Bill:
Here is one lead for you. I found this letter at the Library of Congress while doing work on A.W. Reynolds. It seems to me, if memory serves, that it is Reynolds' response to the allegations made by the Tenn colonels of his brigade.
[December 22, 1863]
I have the honor to return the enclosed. [Note: The petition is not in W.H. Claiborne papers]. The object of the petitioners is too apparent not to be observed by the Hon. Sec. of War. As to the charges insinuated, I prefer to leave the decision as to their truth or falsity to my superiors and those more intimately associated with me than to a clique of artful, designing and inefficient Colonels ever ready to grovel in the filthy mazes of Political intrigue and corruption for their own personal advancement, and anxious to make any representation which will free themselves from further restraint and military discipline.
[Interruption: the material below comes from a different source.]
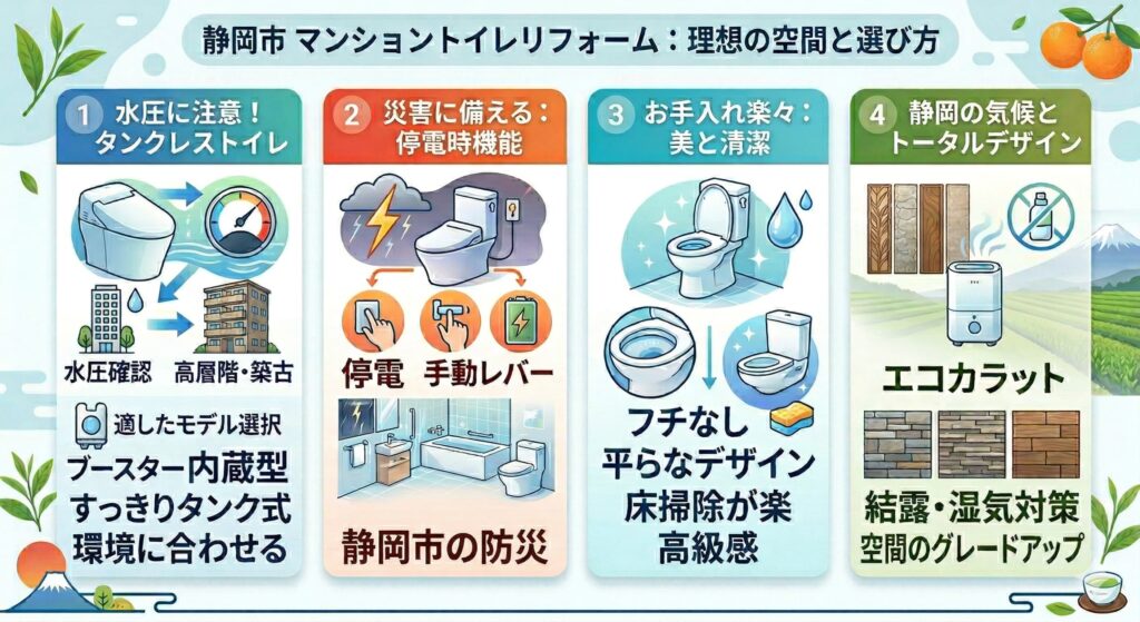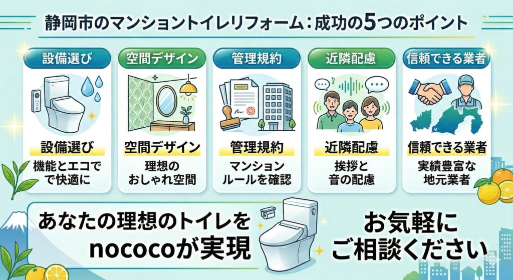 本記事では、静岡市のマンショントイレリフォームを成功させるための5つのポイントをご紹介しました。

The endorsement of Brig. Genl. Vaughan is as comtemptible as it is gratuitous, and only exhibits the degrading depth to which aspiring mediocrity and designing ambition may sometimes lead.
Very respectfully
Your obt svt
[Alexander W. Reynolds]
Decbr 22nd/64 [1863]
Copy of endorsement on letter of Cols of Gen. R's [A.W. Reynolds's] old Tenn. Brigade to Sec. of War, asking that Gen. R. be assigned to some other Brigade and one of the Tenn. Cols. be apt in his stead. Written to Sec. of War previous to Gen'l R's promotion to Brig. (or rather before the Cols heard of it) and his assignment to his present Brigade. As a matter of course the letter ____ still _____.
[Willis H. Claiborne]
Source: Letters and papers accompanying the "Private Diary, Capt. W.H Claiborne, Reynolds Brigade, Stevensons Division, Army of Tennessee," 23 March to 7 May 1864, in John Francis Hamtramck Claiborne Papers, Library of Congress, Washington, DC. Typescript by John D. Chapla, October 1998.